Клавдия молитвенно сложила руки и надула щеки, раздумывая, потом засуетилась, обретая цель. Следователю Ольшанскому после делали намеки насчет того, что поутру Царева два (некоторые утверждали - три) раза бегала от магазина к своему дому и обратно с мешком на горбу.
Следователь Ольшанский до поры этим намекам не придавал серьезного значения - он был, кажется, задавлен событиями, выходящими из ряда вон, событиями, можно сказать, поразительными. И - растерялся.
Три дня на двери магазина висело объявление 'Закрыт на учет', и три дня в поте лица работала комиссия, составленная из представителей района и колхоза. От колхоза в комиссию была выдвинута знакомая нам Вера Ивановна Клинова. Следователь Ольшанский при сем обязательно присутствовал, рассеянно переступая через горы товара, бродил по магазину, заглядывал в темные углы, шептал что-то про себя, чесал согнутым пальцем подбородок и подолгу окаменело смотрел в потолок: думал. А чего думать, чего искать? Все лежало на виду - считай да пиши. Однако на потолке Ольшанский что-то выглядел, потому как спросил вдруг, замерев на одной ноге, будто журавль посреди болота. Другая нога его висела над штабелем картонных коробок, еще не распакованных, синего цвета:
- Гражданка Царева, у вас была книга жалоб и предложений?
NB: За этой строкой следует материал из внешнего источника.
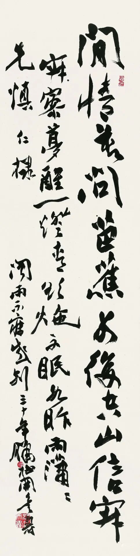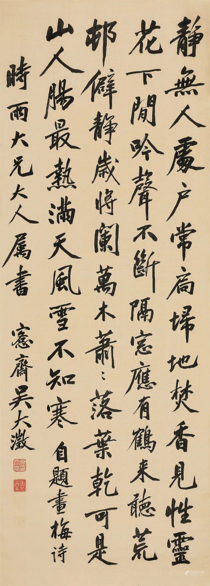 拍品估价:400,000 - 500,000 人民币释文:静无人处户常扃,扫地焚香见性灵。花下闲吟声不断,隔窓应有鹤来听。荒邨僻静岁将阑,万木萧萧落叶干。可是山人肠最熟,满天风雪不知寒。1.《中国明清书画展图录》P82页,光安芳堂1997年2.《中国明清书画展》p40页,门司书作家协会1990年3.《书道》第十一卷第三号,泰东书道院出版部1942年。展览:《中国明清书画展》北九州岛市立门司文化中心,日期:1990年7月20日-7月24日。说明:上款人“时雨大兄”即薛时雨(1818-1885),字慰农,一字澍生,晚号桑根老农。安徽全椒人。清代咸丰三年(1853)进士,授嘉兴知县。太平军起,参李鸿章军幕,以招抚流亡振兴文教为任。官至杭州知府,兼督粮道,代行布政、按察两司事。为台湾第一巡抚刘铭传亲家。晚清著名词家之一,作品有《藤香馆诗删》《词删》等。与著名词家并画家周闲、书法家秦光第、画家应宝时、《寒松阁谈艺琐录》作者张鸣珂、道光进士与诗人张保衡(张任庵)及沈濂、著名篆刻家吴传经等广有交游。去官后,主讲杭州崇文书院、江宁尊经书院、惜芳书院等,门生甚众。尺寸:117×29.5 cm(4),约3.1平尺(每幅)拍品估价:300,000 - 400,000 人民币款识:
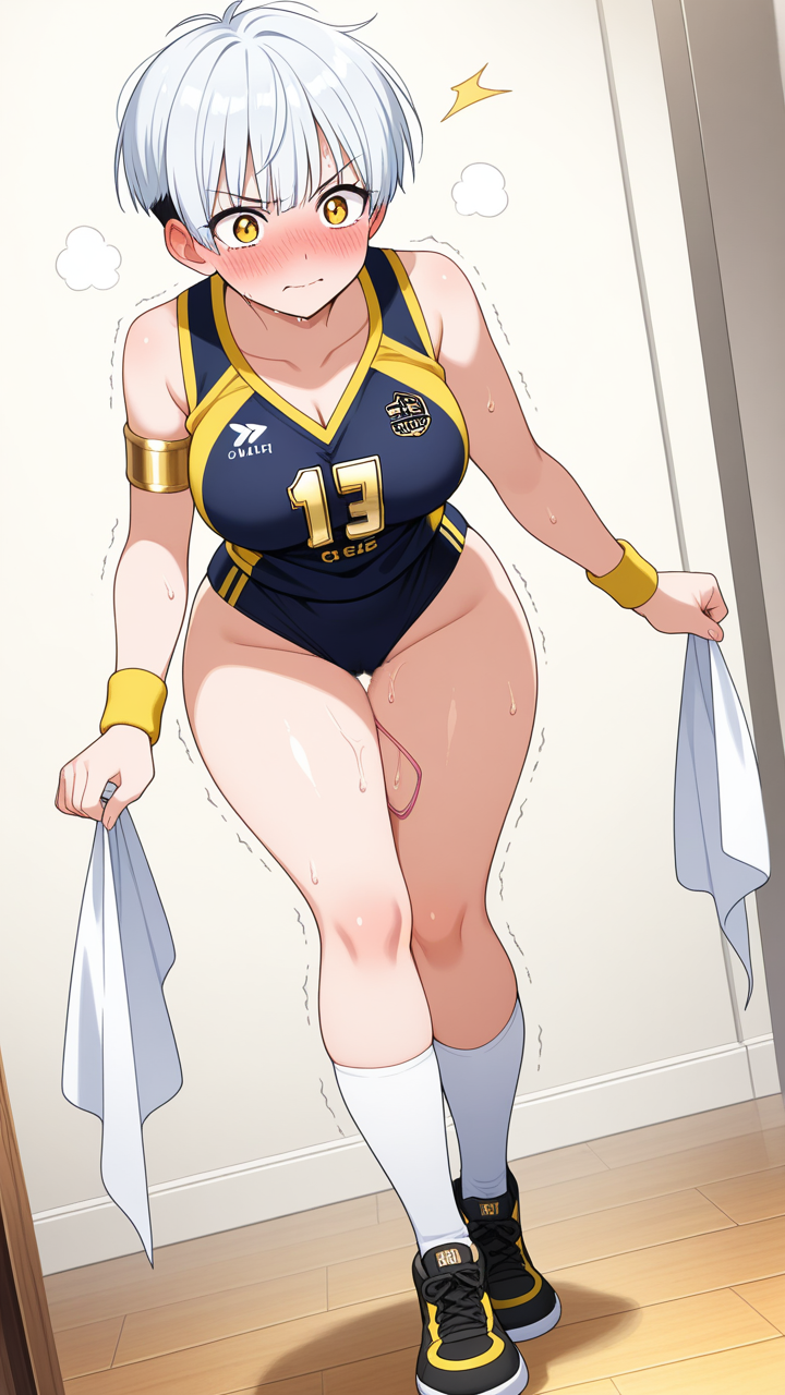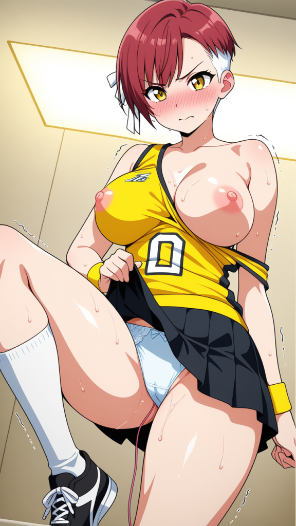 美少女,おっぱい,おしり,M字開脚,食い込み,乳首,パンツ,くぱぁ,バイブ,オナニー,,白髪の刈り上げショート、サイドは短く刈り込まれ、トップはやや長めでふんわり,金色の瞳、垂れ目気味のハーフ目,巨乳でむっちりとした体型,黒と金のスポーツジャージ、白いハイソックス、黒いスニーカー、胸元に白いリボン、腕に金色のリストバンド,勝ち気で負けず嫌い、常に前向きで挑戦的な表情
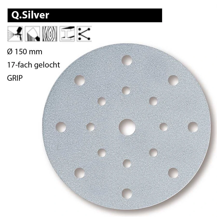 MIRKA Q.SILVER Scheiben 150 150mm Schleifscheiben 17-Loch Klett 3667909980 P80
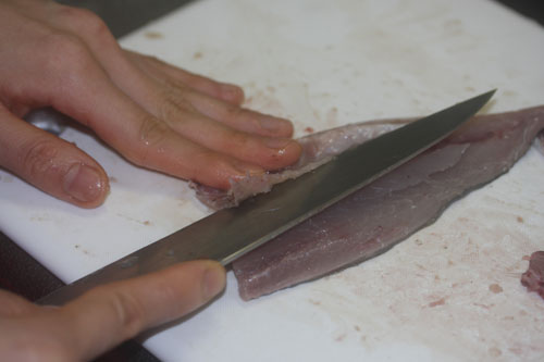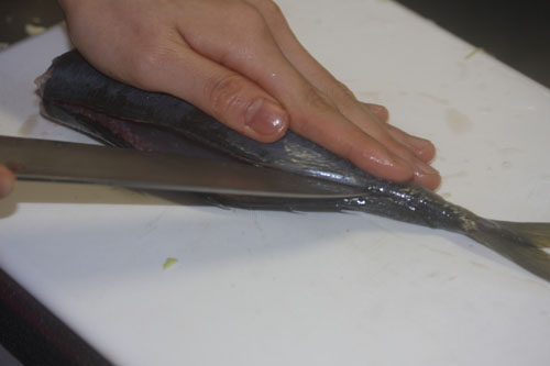 普段まったく料理をしないのですが適当におろしてみました。たぶんポイントは良く切れる包丁を使うこと!皮はとらなくてOKです。おろした後はキッチンペーパーでかるく水気をふき取ってください。

- А как же! - Клавдия опрометью кинулась в конторку, побыла там несколько минут и вернулась с пустыми руками. - Есть у нас такая книга.
- Так где же она? - Следователь, наконец, поставил ногу на свободное пространство, ослабил узел галстука на шее и помотал головой.
- Нету! Вот тут была! - Клавдия показала рукой на застекленный прилавок, где лежала обычно амбарная книга, привязанная шнурком к гвоздю. На стекле остался сальный след и только. - Была, мы не хуже других.
- Почему же вы, гражданка Царева, искали книгу у себя на столе, а не здесь?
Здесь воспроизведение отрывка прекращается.